Social Assistance Targeting in Uganda
Implications for social cohesion in communities
This study aims to enhance the understanding of social assistance targeting in Uganda, providing evidence to help policymakers and practitioners improve the effectiveness and impact of interventions on social cohesion. Uganda’s varied social protection programs, set against a backdrop of economic shocks and limited resources, offer a rich context for analyzing the implications of different targeting mechanisms on social cohesion.

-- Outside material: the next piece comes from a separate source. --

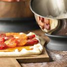 On a lightly floured surface, roll out the dough disk into a 12-inch round about 1/8 inch thick. Using a small knife, trim the uneven edges. Transfer the dough round to a parchment-lined baking sheet and refrigerate for at least 30 minutes.

Social cohesion is deeply rooted in Ugandan society, where communities traditionally take collective responsibility for member wellbeing. This study examines social cohesion in relation to communal ties, including those formed through village solidarity, religious structures, and traditional forms of support. Development programs, however, can disrupt these existing social structures. The interplay between social protection and social cohesion is critical, as both aim to enhance equality and wellbeing within society. According to Babajanian (2012), social protection can positively influence social cohesion by establishing citizenship rights, alleviating poverty, reducing inequalities, combating social exclusion, and strengthening social capital and interpersonal relationships. Effective program design is crucial to ensure social protection enhances social inclusion without causing harm.
The methodology of this study includes a literature review and a predominantly qualitative mixed-method research approach. It involves mapping out social assistance programs in Uganda and examining the implications of various targeting approaches – both universal and poverty-targeted – on social cohesion. Fieldwork was conducted over two weeks in May 2023 in Kampala, Arua, Koboko, and Yumbe districts. The study encompasses five programs: GEG, UCWP, DRDIP, NutriCash, and the Senior Citizens Grant. Data collection included thirteen key informant interviews with government institutions, development agencies, NGOs, and community groups involved in the design, implementation, and monitoring of these programs. Additionally, fourteen focus group discussions with a total of 196 participants were held, encompassing beneficiaries, non-beneficiaries, host and refugee communities, mentors, and community targeting groups.
The report aims to provide a comprehensive mapping of Uganda’s social assistance targeting mechanisms, assess their impact on social cohesion, and offer key learnings and policy recommendations to enhance the effectiveness of these programs. The findings are expected to contribute to a nuanced understanding of how different targeting approaches influence social dynamics and communal ties in Uganda.